Reproduce precisely the lines of the material below from the line containing "Chinelo Quadradinho Slim" up to and including its last line. Pictures must not be copied.

** EXERCISE DATA **
****************
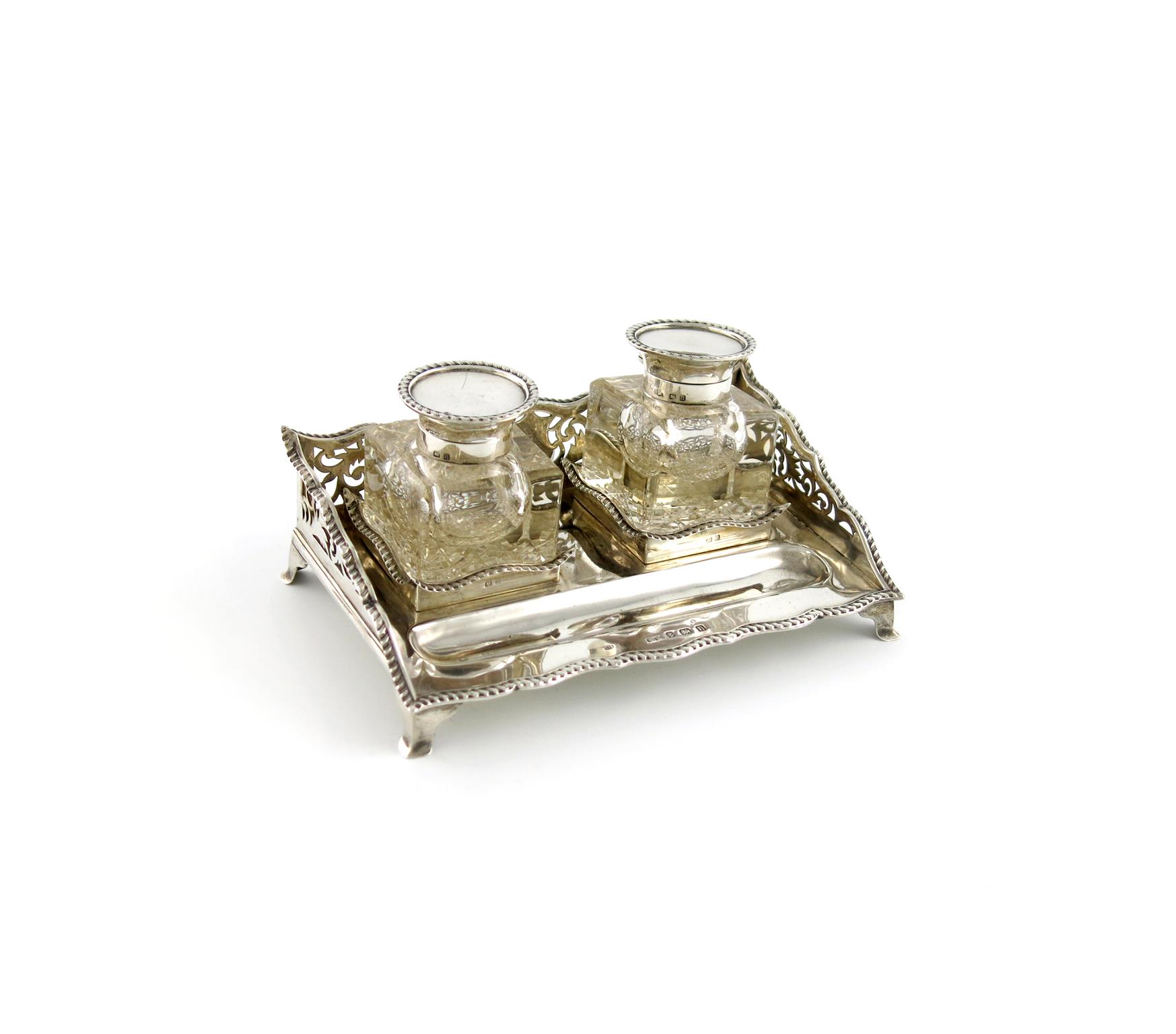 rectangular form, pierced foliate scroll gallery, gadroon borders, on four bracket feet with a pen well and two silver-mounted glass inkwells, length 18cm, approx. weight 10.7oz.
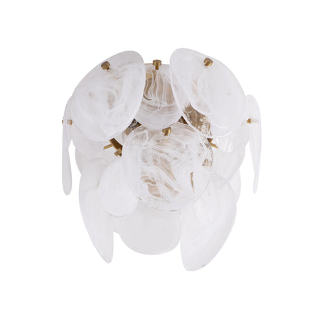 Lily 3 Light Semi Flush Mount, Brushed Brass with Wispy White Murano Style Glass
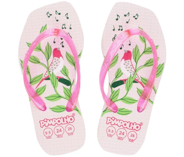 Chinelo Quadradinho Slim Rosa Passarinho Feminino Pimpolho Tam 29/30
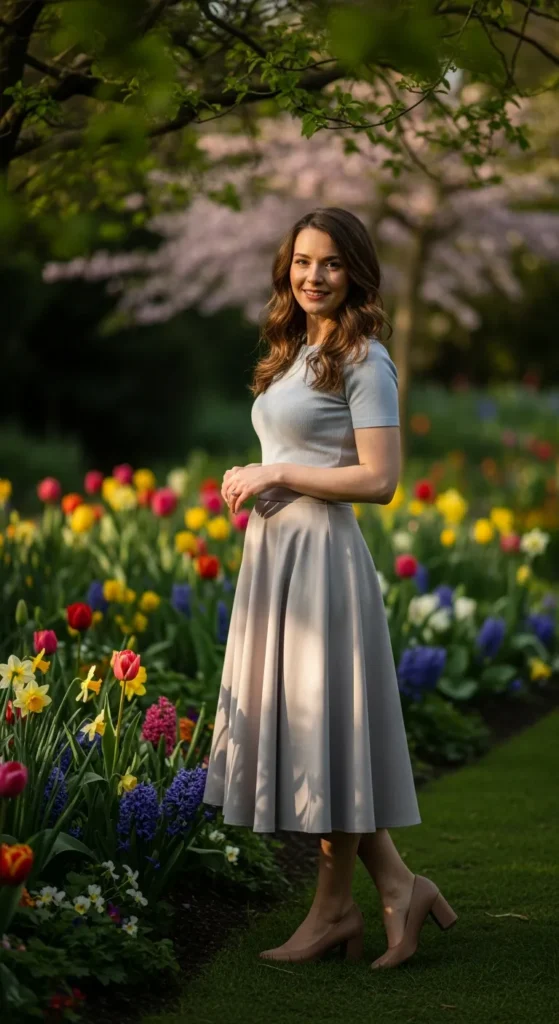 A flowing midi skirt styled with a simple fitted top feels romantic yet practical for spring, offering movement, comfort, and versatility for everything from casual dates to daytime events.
****************
** EXPECTED ANSWER **
 Chinelo Quadradinho Slim Rosa Passarinho Feminino Pimpolho Tam 29/30
 A flowing midi skirt styled with a simple fitted top feels romantic yet practical for spring, offering movement, comfort, and versatility for everything from casual dates to daytime events.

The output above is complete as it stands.